The U.S. Securities and Exchange Commission’s proposed rule issued March 21 to require standardized disclosure by public corporations of the impact of their practices on the environment follows a dramatic increase in the demand for such disclosure from investors, a former commissioner said.
“It is important to recognize and to acknowledge the amount of progress that businesses have already made on this front, that this rulemaking takes place against what is a dramatic increase in climate-related disclosures that companies, facing interest and pressure from various stakeholders, have chosen to disclose,” former SEC Commissioner Troy Paredes said in a discussion Thursday at the Bipartisan Policy Center.
“And that actually is exactly what ‘market discipline’ and private ordering would predict,” he added in a discussion with BPC senior adviser Tim Doyle about the role of the SEC and its relationship with corporations as well as investors. “I think that’s an important backdrop, worth taking some note of.
“It’s important to recognize that there are shifts in terms of market expectations of one type or another. There are different stakeholders demanding different information for one reason or another.”
But this climate-related rule comes at a time when President Biden has made addressing climate change a whole-of-government issue with his January 2021 executive order, Doyle noted.
And “in May of 2021, he issued an executive order dealing with climate-related financial risk.
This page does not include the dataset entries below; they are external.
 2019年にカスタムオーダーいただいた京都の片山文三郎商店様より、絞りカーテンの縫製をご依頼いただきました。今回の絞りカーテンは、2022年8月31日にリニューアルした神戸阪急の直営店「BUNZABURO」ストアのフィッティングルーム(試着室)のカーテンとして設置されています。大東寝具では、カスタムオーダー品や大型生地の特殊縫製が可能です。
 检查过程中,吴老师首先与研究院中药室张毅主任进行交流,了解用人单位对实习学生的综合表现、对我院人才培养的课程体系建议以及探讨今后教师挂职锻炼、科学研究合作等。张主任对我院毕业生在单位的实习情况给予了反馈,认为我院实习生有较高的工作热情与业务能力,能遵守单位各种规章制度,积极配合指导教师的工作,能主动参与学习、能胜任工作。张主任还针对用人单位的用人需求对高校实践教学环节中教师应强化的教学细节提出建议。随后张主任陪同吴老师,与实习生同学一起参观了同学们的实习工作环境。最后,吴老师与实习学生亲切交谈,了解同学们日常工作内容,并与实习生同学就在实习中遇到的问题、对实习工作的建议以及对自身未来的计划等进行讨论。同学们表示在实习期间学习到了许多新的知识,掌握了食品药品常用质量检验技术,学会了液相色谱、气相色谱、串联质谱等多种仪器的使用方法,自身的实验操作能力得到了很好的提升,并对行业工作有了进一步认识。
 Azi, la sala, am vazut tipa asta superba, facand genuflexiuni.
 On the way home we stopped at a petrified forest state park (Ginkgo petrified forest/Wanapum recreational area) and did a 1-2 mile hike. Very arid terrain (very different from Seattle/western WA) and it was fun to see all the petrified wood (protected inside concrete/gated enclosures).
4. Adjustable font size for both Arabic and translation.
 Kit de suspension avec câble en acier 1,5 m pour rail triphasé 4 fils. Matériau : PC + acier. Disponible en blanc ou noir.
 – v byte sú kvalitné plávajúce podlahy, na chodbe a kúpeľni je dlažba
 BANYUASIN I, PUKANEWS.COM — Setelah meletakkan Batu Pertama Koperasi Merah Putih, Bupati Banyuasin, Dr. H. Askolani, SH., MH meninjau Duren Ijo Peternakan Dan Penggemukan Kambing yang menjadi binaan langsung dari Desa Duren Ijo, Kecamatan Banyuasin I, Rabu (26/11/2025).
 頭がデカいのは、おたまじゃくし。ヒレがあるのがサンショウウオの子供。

I think you could make a pretty good argument that this rule has at least some connection with [the executive order], especially given the language that is in that executive order about a consistent, clear, comparable and accurate disclosure of climate financial risks,” he said.
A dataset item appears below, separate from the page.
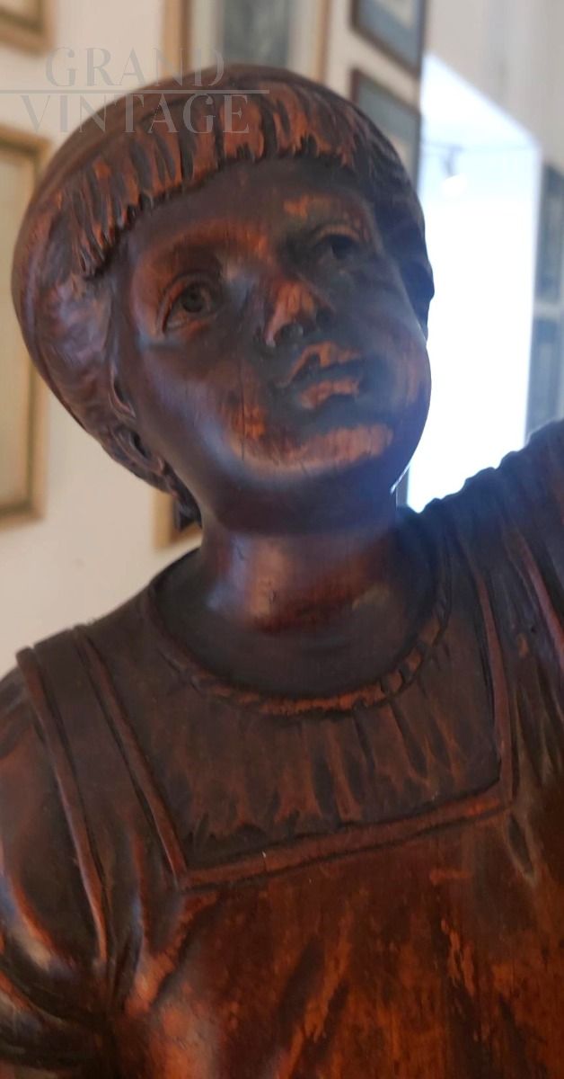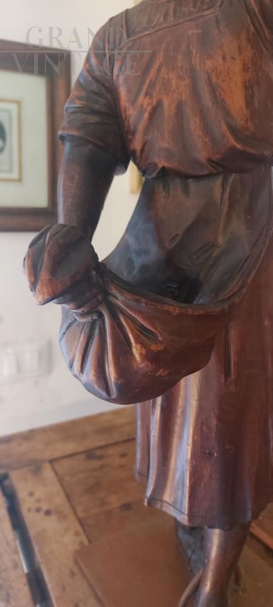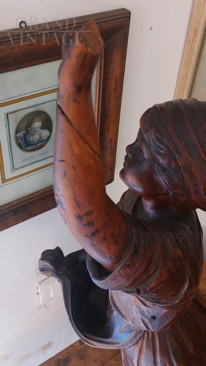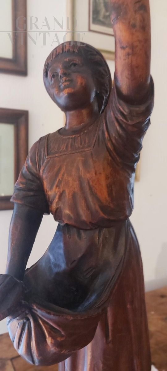Sculpture in pine wood depicting a woman picking olives placed on a metal base from a later period. Only flaw: a hand without fingers, as shown in the photo.

Paredes, an appointee of President George W. Bush who served on the SEC from 2008 to 2013, said the climate issue is not new and that the market is already further along in the process than otherwise might be expected.
“From a company’s perspective, it strikes me that this rulemaking is extraordinarily consequential,” he added.
The question of “materiality” — that is, what to report — is at the heart of controversy about the SEC proposal, Paredes and Doyle agreed.
They also agreed that deciding what’s material has been an issue without a concrete definition since Congress created the SEC in 1934 in response to the stock market crash of 1929. The issue evolved gradually over time, except when Congress passed new legislation from time to time setting out specific requirements.
“The way it gets articulated … is investor protection; fair, orderly and efficient markets; and facilitating capital formation. They are often times identified as three separate parts to the SEC mission,” Paredes said. “The fact of the matter is that they intersect, and they support one another, but there may be instances where they can come into some tension,” he added in reference to the growing controversy over the rule, approved by a 3-1 vote. The rule will become effective in December unless challenged in court and could cost corporations billions of dollars to comply.
“I think there’s widespread agreement that the SEC’s core operating tool is disclosure,” Paredes said, “to get investor information in the hands of investors so that investors can make better informed decisions about how to allocate their capital. And the focus there in particular has been historically on material information.”
The proposal could require a company to disclose not only the impact of its operations on the environment but also the environmental impact of its products, if any, and the impact of its suppliers — requirements sure to be debated in the coming months.
To that coming battle, Paredes pointed out that historically, the SEC’s rules have leaned toward allowing the market, rather than the government, to decide.
“Go back to the founding of the SEC, [and there has been] a recognition that it’s better to allow the marketplace to decide how capital is going to be allocated as compared to the government making the decisions around capital allocation. And again, the means to facilitate that is to give information to investors so they can make those decisions in an informed way but still in lieu of the government making those decisions.”
Doyle agreed, adding that the tension between a hard and fast rule and giving companies the ability within a framework to disclose information has been at the heart of many of the commission’s corporate requirements.
Paredes added that even when Congress ordered the SEC to issue new rules in a particular area, over subsequent years “everything has always been a bit of a blend” of rules and reasonable practice. He said requirements that started out as guidance sometimes become a bit more rule-like over decades of interpretation.
“The demarcation sometimes can be a bit a bit blurry. But I do think it comes down as a practical matter in some respects, to how much discretion does the board [or] management team have in fashioning disclosures versus how much of that is going to be dictated more prescriptively by the regulator,” he said.